Study Shows Evangelicals Not Engaged (Yet) in Election Season

Study Shows Evangelicals Not Engaged (Yet) in Election Season

The latest research by Barna Group shows evangelicals not engaging in election cycle as much as in past election and part of that is attributed to media distrust. 

The latest research by Barna Group shows evangelicals not engaging in election cycle as much as in past election and part of that is attributed to media distrust. 

Latest research from the Barna Group shows evangelical Christians least likely to engage in this election cycle. According to the study only one out of five evangelicals said they were following news about the campaign very closely. Voters who associate with non-Christian faiths (i.e. Judaism, Islam and Buddhism) reported the highest level of engagement: 41% were following campaign news very closely. 

The study also reveals an growing inherit mistrust in the truth and integrity of mainstream media outlets among millenials that appears to be affecting the trends. According to Barna Group's research, 51% argues that the media’s handling of the campaign is either completely or mostly unfair and subjective. 

What to Do

George Barna, special analyst for the 2016 election stated the election season thus far has been full of surprises thus far and expects that the intensity of focus among evangelicals to climb significantly as the field has narrowed down to two likely contenders, Hillary Clinton and Donald Trump. 

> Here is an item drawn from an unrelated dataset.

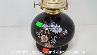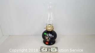 Comes with lamp oil. Approx. 15" H. The auctioneer shall not be responsible for the correct description, authenticity, genuineness of, estimated selling price of, or defect in any lot, and makes no warranty in connection therewith. No allowance will be made or sale set aside on account of any incorrectness, error in cataloging, or any imperfection not noted. No deduction will be allowed on damaged articles as all goods being exposed for public exhibition are sold “as is” and without recourse. All measurements and sizes - are approximate. CLAIMS - No claims will be allowed after goods are removed from premises. All lots - to be sold AS IS, WHERE IS. ALL SALES FINAL, WE DO NOT ACCEPT RETURNS.

"They (Evangelicals) admit this is a highly important election for the fate of the nation. They consistently strive to influence the direction of the nation. And the combination of evangelicals who are watching the unfolding of the race either very or somewhat closely is as high or higher than that of any segment. They are conscious of what is happening but not yet fully focused. We expect to see their attentiveness climb substantially over the next few months.”

Barna Group conducted research using an online poll, a nationally representative sample of adults 18 and older. A total of 869 registered voters participated in the survey from January 28 through February 4, 2016. The estimated maximum sampling error for this study is plus or minus 3.9 percentage points at the 95-percent confidence level.